And he spoke to God quietly.
"My soul is an evil place, sordid and infamous; till now it has loved only perverse ways; it has exacted from my wretched body the tithe of illicit pleasures and unholy joys, it is worth little, it is worth nothing, and yet down there near Thee, if Thou wilt succour me, I think that I shall subdue it, but if my body be sick, I cannot force it to obey me; this is worse than all, I am disarmed if Thou do not come to my aid.
"Take count of this, O Lord; I know by experience that when I am ill-fed, I have neuralgia; humanly, logically speaking, I am certain to be horribly ill at Notre Dame de l'Atre; nevertheless, if I can get about at all, the day after to-morrow, I will go all the same.
"In default of love, this is the sole proof I can give that I truly desire Thee, that truly I hope and believe in Thee, but then, O Lord, aid me."
He added sadly, "Ah! indeed I am no Lidwine or Catherine Emmerich, who when Thou didst strike them cried out, More, more!—Thou dost scarce touch me, and I protest; but what wouldest Thou?
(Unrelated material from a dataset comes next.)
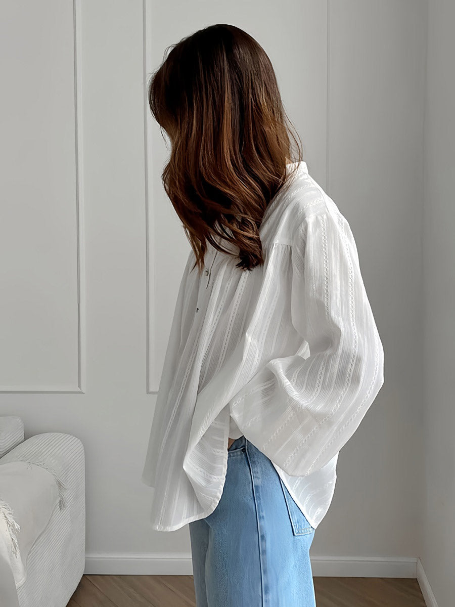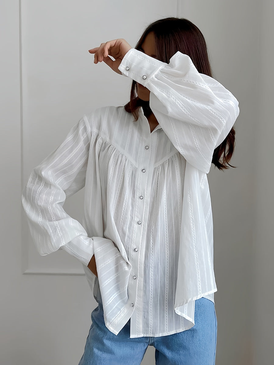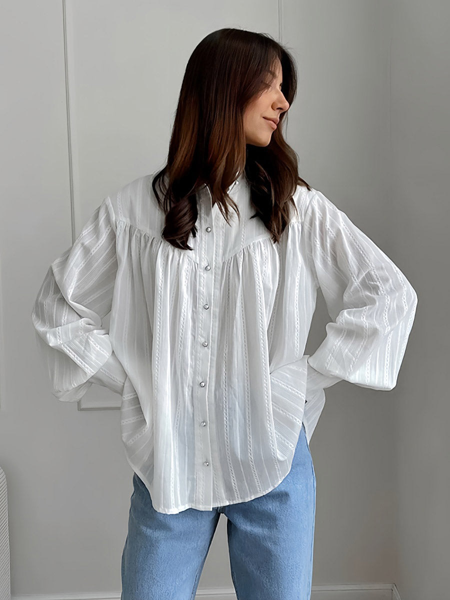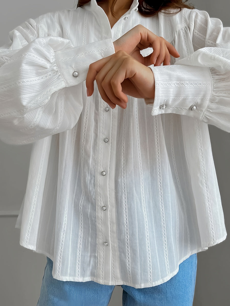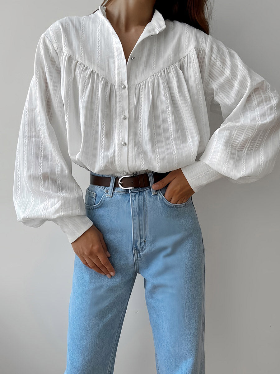 Gardırobunuza şıklık katın! Yumuşak ve nefes alabilen %100 pamuk kumaştan üretilen bu gömlek, zarif fener kol detayları ve klasik düğme kapanışı ile dikkat çekiyor. Gün boyu rahat ve şık hissetmenizi sağlar. Gardırobunuzu bu olmazsa olmaz parça ile yenileyin!

Thou dost know better than I; physical suffering breaks me down, drives me to despair."
He went to sleep at last to kill the day in bed; slumbering to wake again suddenly from frightful nightmares.
The next day his head seemed empty and his heart feeble, but his neuralgia was less violent. He rose, saying to himself that he must eat, though he was not hungry, for fear his pain should return. He went out and wandered in the Luxembourg, saying to himself that he must arrange his time, that after breakfast he would visit St. Severin, then he would go home and pack, and afterwards finish the day at Notre Dame des Victoires.
The walk did him good, his head was lighter, and his heart free. He went into a restaurant, where because of the early hour nothing was ready; he spent the time before a newspaper, on a bench. How often he had held papers thus without reading them, how many evenings he had waited in cafés with his nose in an article, thinking of other matters, at those times especially when he was striving with his vices; when Florence appeared to him, still keeping the clear smile of a little girl on her way to school, her eyes cast down, her hands in the pockets of her apron.
Suddenly the child changed into a ghoul who whirled round him wildly, and made him silently understand the horror of his desires....
All that was now far distant; almost in one day the charm was broken, without any real strife or true effort, without inward struggles; he had abstained from seeing her, and now when she roused his memory again she was no more in fact than a recollection odious and sweet.